Surfrider filed appeal yesterday of San Diego's Superior Court ruling siding with the Regional Water Quality Control Board’s determination to allow “open ocean” intake to withdraw seawater for an ocean desalination facility on the Carlsbad coast, the largest ever planned in the United States, and the first to be scrutinized by the California courts.
The question before the court is whether the site, design, technology and mitigation measures chosen by the project proponent, Poseidon Resources, minimize the marine life killed in the seawater intake process.
This project, and others like it proposed for the coast of California, originally planned to utilize the discharge from coastal power plants that withdraw seawater to cool their steam generators. But as Surfrider Foundation, and numerous other environmental organizations have argued from the beginning of the permitting process, these “cooling water intakes” are being phased out by regulatory agencies to eliminate the associated marine life mortality. Larger fish are trapped on the intake screens and smaller animals that get through are killed in the cooling process. Allowing other industrial facilities such as desalination plants to continue to use this outdated technology does not comport with California’s law.

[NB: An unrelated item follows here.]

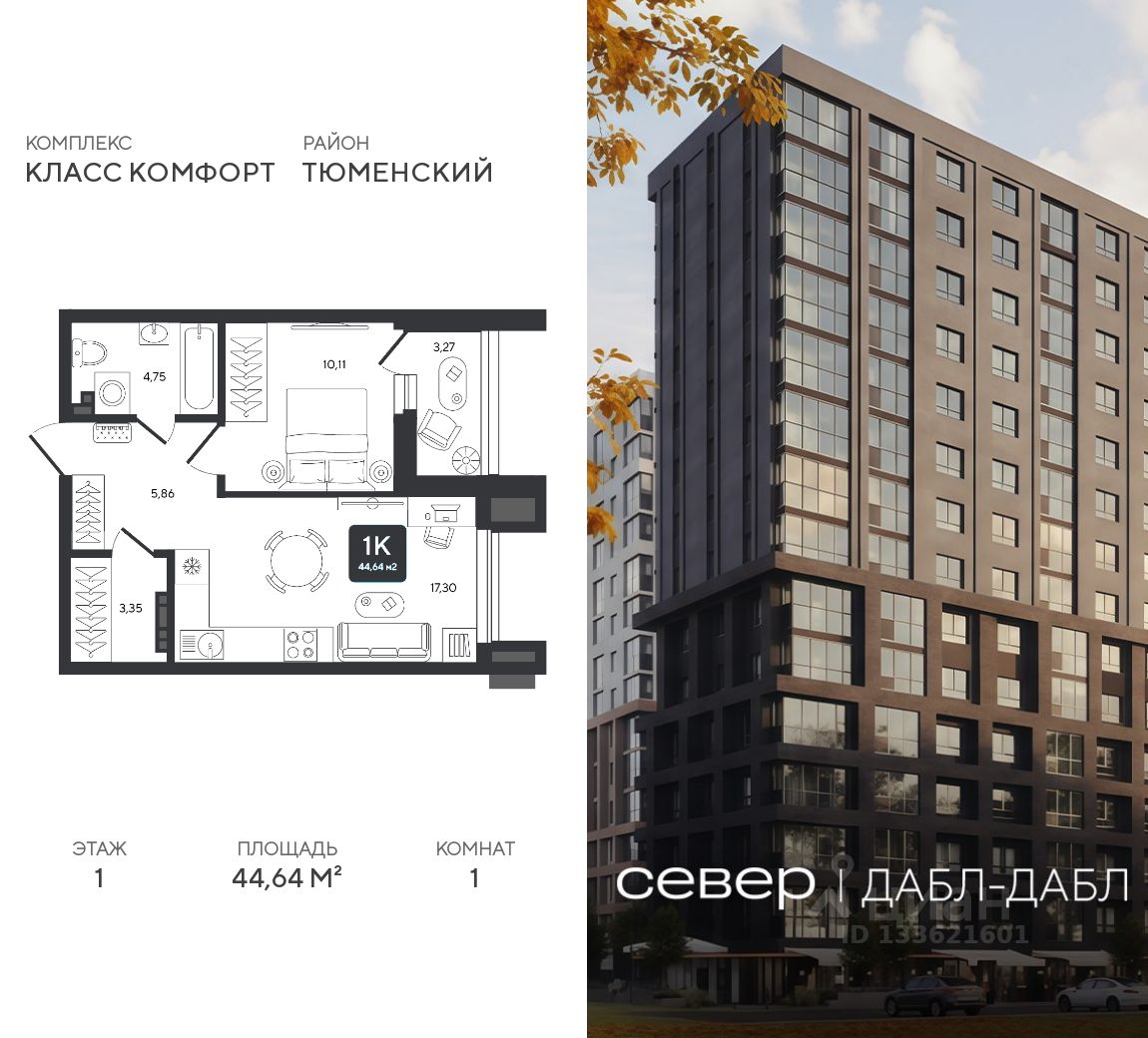 Продаётся квартира площадью 44.64 м2 в жилом комплексе ''Дабл-Дабл''. Квартира находится на 1 этаже, жилая площадь квартиры 10.11 м2, площадь просторной кухни — 17.3 м2. Среди особенностей планировки — изолированные комнаты с окнами на одну сторону, 1 совмещённый санузел.

According to Joe Geever, Surfrider Foundation’s California Policy Coordinator: “California law is clear that desalination project proponents must protect our precious marine life -- and it’s equally clear this project has failed to do that. We only turn to the courts as a last resort. But in this case, the State Water Resources Control Board and the Ocean Protection Council are developing policy on protecting marine life from ocean desalination intakes too late to affect this particular project.”